Start of Block
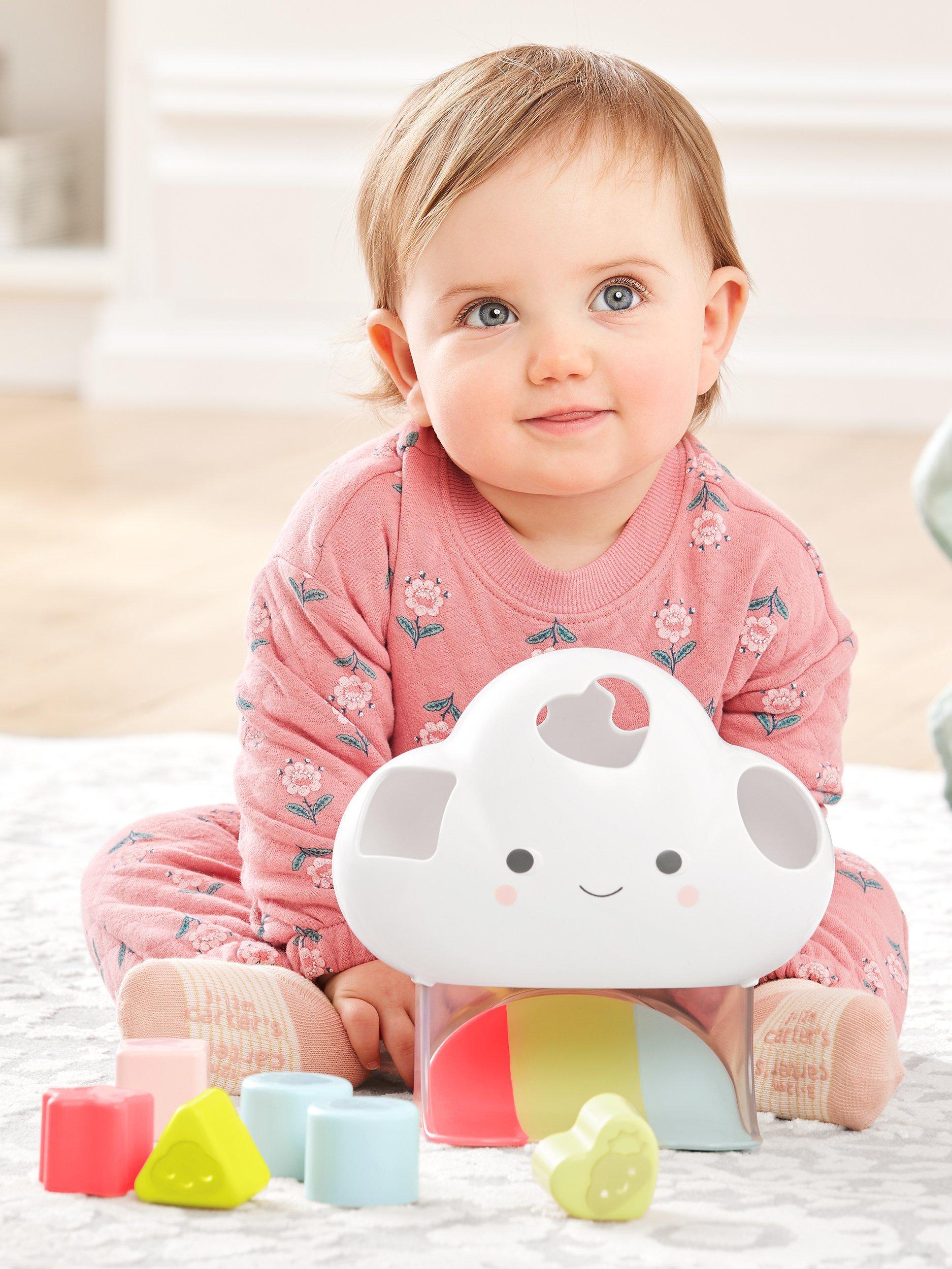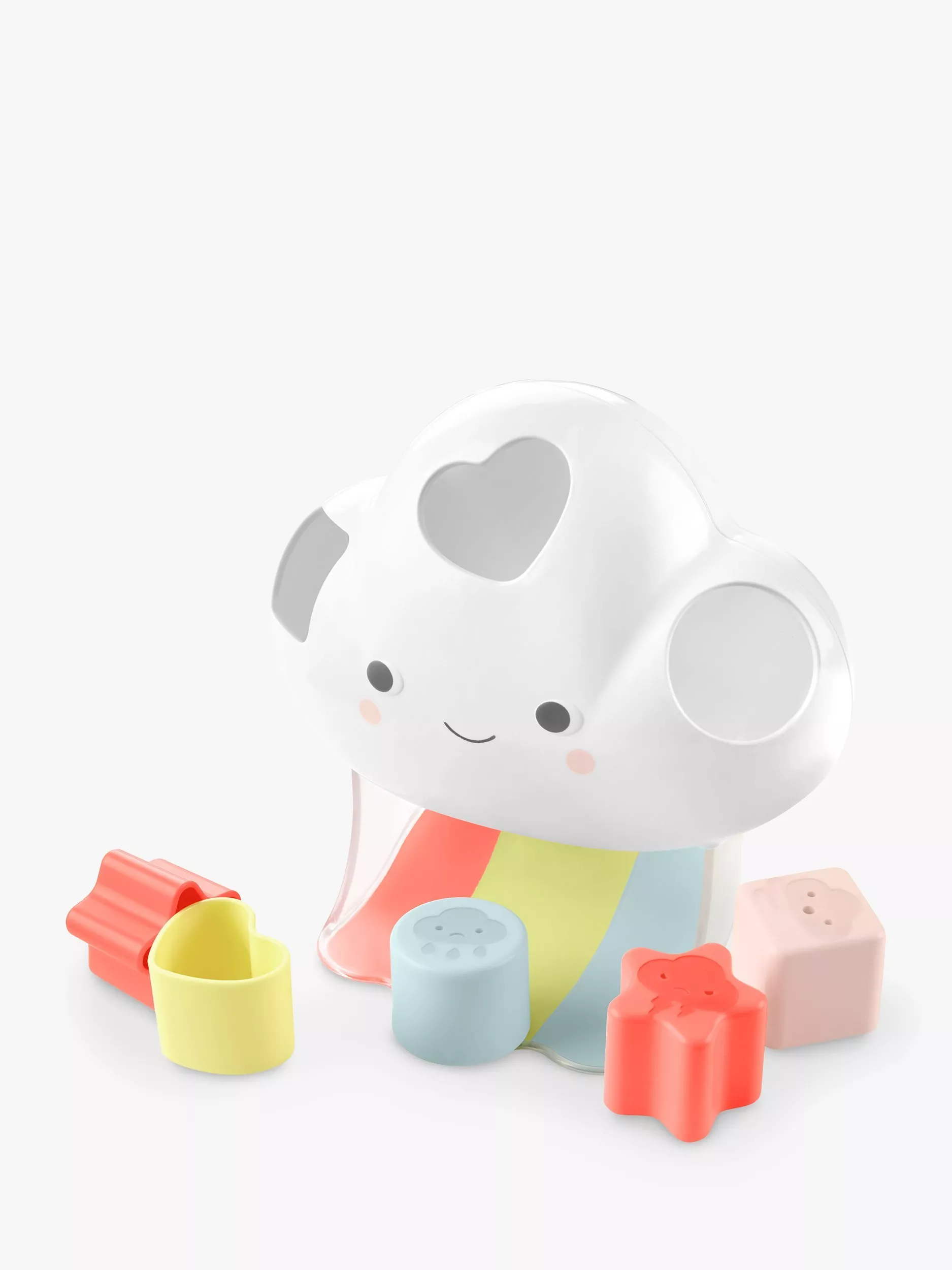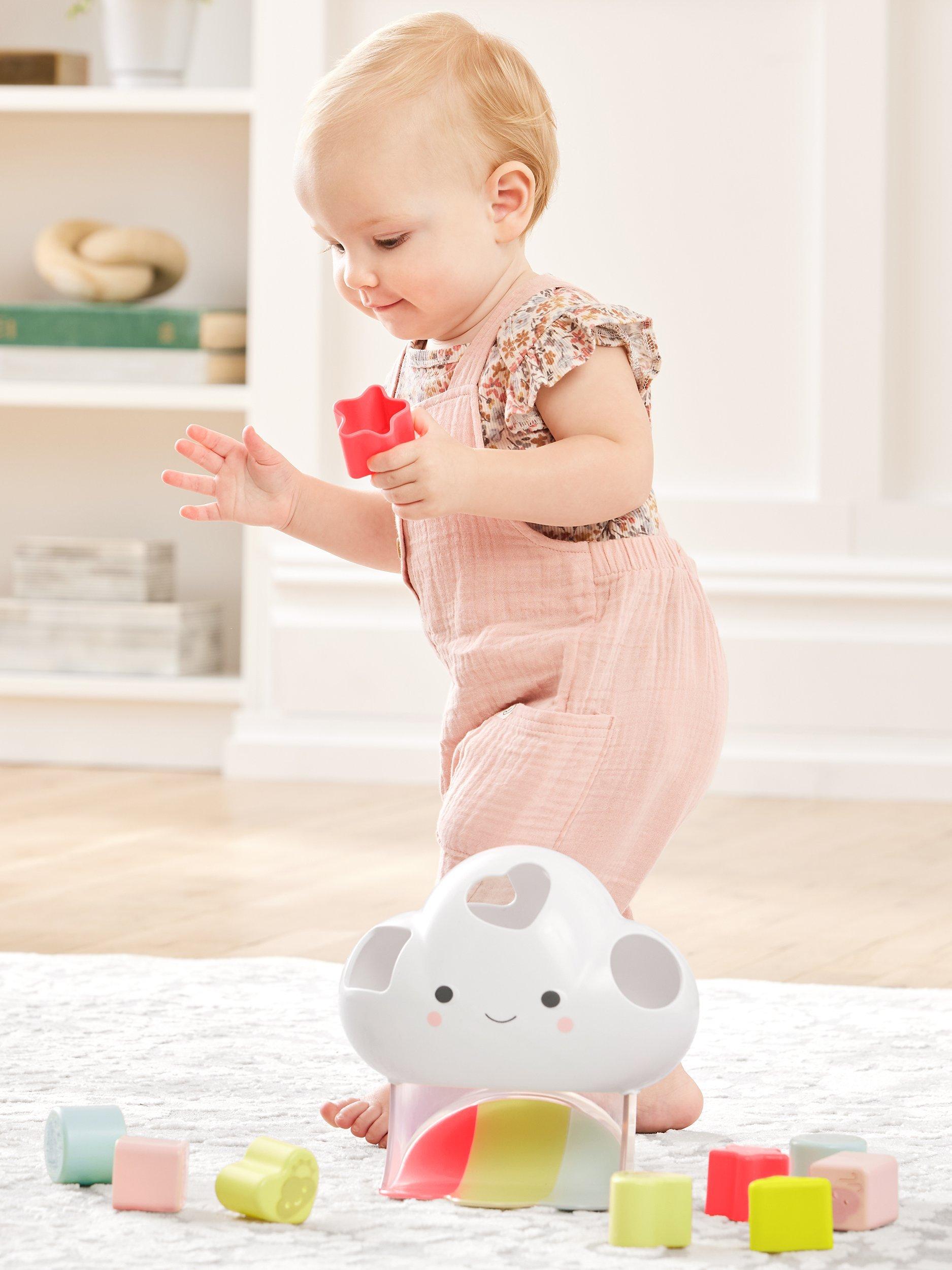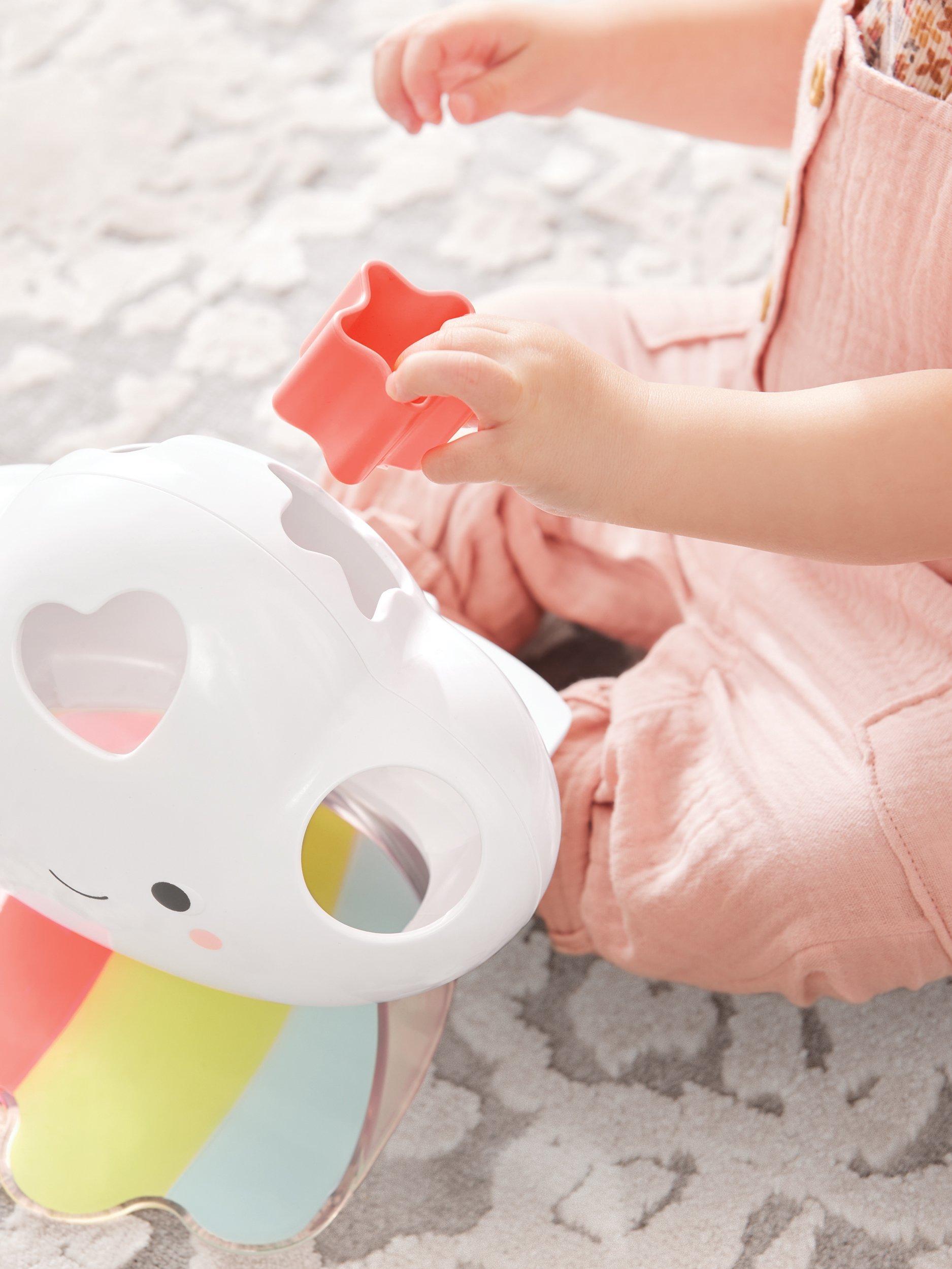 More than a shape sorter, this cute cloud friend also introduces baby to emotions, weather and colours. Featuring 10 easy-grab blocks, each of the 5 different shapes illustrates an emotion and a corresponding weather such as happy/sunny, sad/rainy and more. Little ones will love finding the perfect fit for each block and watch it slide down the rainbow!
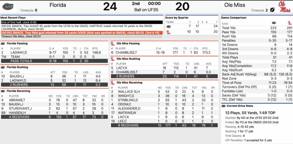 HALFTIME: FLORIDA 24, No. 7 OLE MISS 20
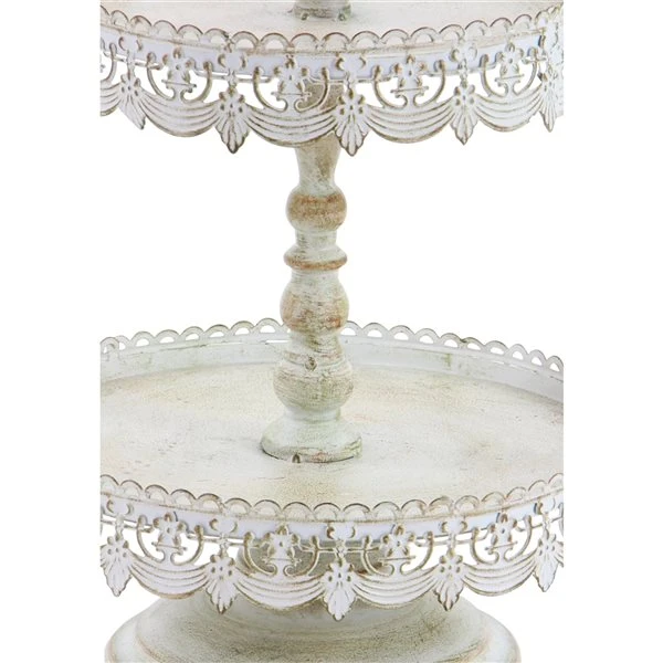 - 2 round shape trays with a lace pattern design and a spade ring handle
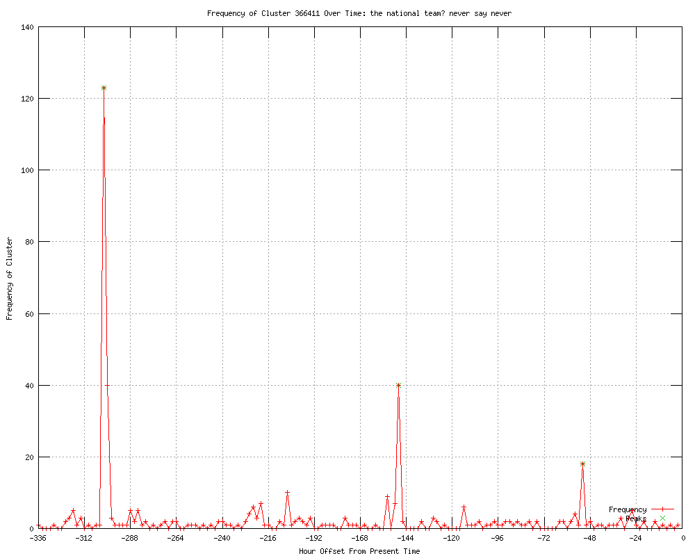 | 7 | the national team? never say never Urls http://goal.com/en/news/2898/euro-2012/2012/01/23/2862713/romas-francesco-totti-open-to-italy-return-for-euro-2012 http://ca.rd.yahoo.com/sports/rss/sow/SIG=12dhgon8q/*http%3A//ca.sports.yahoo.com/sow/news?slug=goal-romasfrancescotottiopentoit http://uk.news.yahoo.com/romas-francesco-totti-open-italy-211800417--soccer.html http://us.rd.yahoo.com/sports/rss/sow/SIG=12a9kudi0/*http%3A//sports.yahoo.com/sow/news?slug=goal-romasfrancescotottiopentoit http://soccerway.com/news/2012/January/24/totti-considers-italy-return http://soccernews.com/totti-considers-italy-return/87325/ http://foreign.peacefmonline.com/sports/201201/90555.php |
End of Block
* Your goal *
Give the data again exactly as it appears, but without any images.

* Your response *
 More than a shape sorter, this cute cloud friend also introduces baby to emotions, weather and colours. Featuring 10 easy-grab blocks, each of the 5 different shapes illustrates an emotion and a corresponding weather such as happy/sunny, sad/rainy and more. Little ones will love finding the perfect fit for each block and watch it slide down the rainbow!
 HALFTIME: FLORIDA 24, No. 7 OLE MISS 20
 - 2 round shape trays with a lace pattern design and a spade ring handle
 | 7 | the national team? never say never Urls http://goal.com/en/news/2898/euro-2012/2012/01/23/2862713/romas-francesco-totti-open-to-italy-return-for-euro-2012 http://ca.rd.yahoo.com/sports/rss/sow/SIG=12dhgon8q/*http%3A//ca.sports.yahoo.com/sow/news?slug=goal-romasfrancescotottiopentoit http://uk.news.yahoo.com/romas-francesco-totti-open-italy-211800417--soccer.html http://us.rd.yahoo.com/sports/rss/sow/SIG=12a9kudi0/*http%3A//sports.yahoo.com/sow/news?slug=goal-romasfrancescotottiopentoit http://soccerway.com/news/2012/January/24/totti-considers-italy-return http://soccernews.com/totti-considers-italy-return/87325/ http://foreign.peacefmonline.com/sports/201201/90555.php |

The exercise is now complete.